Jack Nicholson (The Two Jakes) and Kevin Costner (Dances With Wolves) are just two recent examples of movie stars becoming movie directors. Here are the major one-shot efforts of actor-auteurs on video:
Night of the Hunter (1955, MGM/UA)
Charles Laughton didn't appear
in the only film he directed, but his personality a strange mixture
of the effete and the physically foreboding comes through more
strongly than in any of the films mentioned above. A unique,
dreamlike parable of two children menaced by a bogus preacher (Robert
Mitchum, in easily his best performance), Night of the Hunter is
close to folk art in its naive power. A+
The Kentuckian (1955, Playhouse)
This frontier adventure remains
Burt Lancaster's sole stint behind the camera, and, like Lancaster,
the film is both rugged and spry. What starts out as an uninspired
action saga takes a philosophical turn when Lancaster's character
falls for a schoolmarm and the movie debates the values of
civilization versus frontier spirit. The wide-screen photography has
been poorly cropped on video, but any movie that features Walter
Matthau (in his film debut) as a whip-wielding bad guy is worth
renting. B
Yentl (1983, MGM/UA)
Echoes of the Barbra Streisand persona
interlace her musical adaptation of Isaac Bashevis Singer's story:
Just as Yentl disguises herself as a boy in order to study the Talmud to get what she wants against all objections so Streisand
overcame gender and gawkiness to become a Hollywood mogul. That
personal dimension makes Yentl her most touching film. B
One Eyed Jacks (1961, Goodtimes or Paramount)

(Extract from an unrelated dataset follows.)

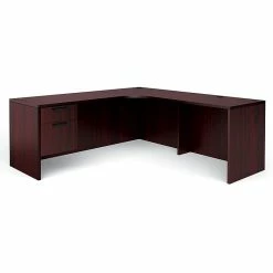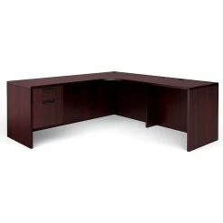 Maximize office space with the Global Superior Corner Workstation. Designed to fit into the corner of the room, this computer workstation desk is made with commercial grade laminate for long-lasting use. An American mahogany finish with matching PVC edg ing adds an attractive, polished look to any workspace. Keep files and supplies organized with the credenza, return shell, and box/file pedestal.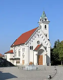 Die 1906/07 erbaute neoromanische Kirche besteht aus einem Langhaus mit eingezogenem polygonalem Chor und einem Nordturm. Die Fassade ist reich gegliedert. Die westliche Giebelfassade verfügt über ein Rundbogenfries und einen übergiebelten Portalvorbau mit Säulen, einer Fensterrosette und zwei Biforienfenstern darüber. Der schlanke, viergeschoßige Turm mit östlichem Treppenturm hat ein Rundbogenfries, rundbogige Schallfenster und ein Zeltdach hinter trapezförmigen Blendgiebeln. Südlich des Chores steht ein zweigeschoßiger Anbau.

After having Stanley Kubrick fired from the project, star Marlon Brando decided he could be a directorial contender. The result? An
overstuffed Method Western that features a mumbling Brando as
vengeful bandit Kid Rio. The movie's a fanny-warmer at almost 21/2
hours, but by trying to refashion the horse-opera into existential
myth, Brando came close to inventing the spaghetti Western three
years before Sergio Leone's A Fistful of Dollars. C+
Jo Jo Dancer, Your Life Is Calling (1986, RCA/Columbia)
Director-cowriter-star Richard Pryor used his own flaming brush with
death as the jumping-off point for examining the life of a famous
comedian; but because he fictionalizes his story, we're never sure
what to take as real (and therefore meaningful). While one hopes Jo
Jo gave its maker some needed therapy, the finished film is a creepy
exercise in heartfelt voyeurism. C-
TV Listings Alert: Some additional directing projects by well-known actors that aren't currently available on cassette: Short Cut to Hell (James Cagney, 1957), Scalawag (Kirk Douglas, 1973), Charlie Bubbles (Albert Finney, 1968), Kotch (Jack Lemmon, 1971), Gangster Story (Walter Matthau, 1960), Panic in the Year Zero (Ray Milland, 1962), Lady in the Lake (Robert Montgomery, 1946), and None but the Brave (Frank Sinatra, 1965).